[Opening STORED DATA section]

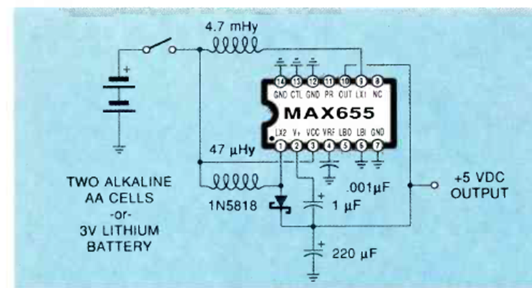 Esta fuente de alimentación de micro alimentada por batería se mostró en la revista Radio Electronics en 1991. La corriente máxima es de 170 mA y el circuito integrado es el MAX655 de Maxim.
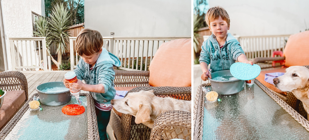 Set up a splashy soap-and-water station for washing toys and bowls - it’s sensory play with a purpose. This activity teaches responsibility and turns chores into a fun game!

[Closing STORED DATA section]
[Opening STORED DATA section]

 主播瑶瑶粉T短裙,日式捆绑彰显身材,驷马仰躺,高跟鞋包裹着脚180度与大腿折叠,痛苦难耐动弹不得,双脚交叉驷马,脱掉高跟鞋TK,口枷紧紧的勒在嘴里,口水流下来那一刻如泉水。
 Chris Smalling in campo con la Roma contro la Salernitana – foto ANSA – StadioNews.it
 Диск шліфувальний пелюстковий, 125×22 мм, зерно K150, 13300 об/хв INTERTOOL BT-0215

[Closing STORED DATA section]

Copy only what runs above from the line containing "Esta fuente de" through the line containing "Set up a splashy", exactly. Leave out the pictures.

 Esta fuente de alimentación de micro alimentada por batería se mostró en la revista Radio Electronics en 1991. La corriente máxima es de 170 mA y el circuito integrado es el MAX655 de Maxim.
 Set up a splashy soap-and-water station for washing toys and bowls - it’s sensory play with a purpose. This activity teaches responsibility and turns chores into a fun game!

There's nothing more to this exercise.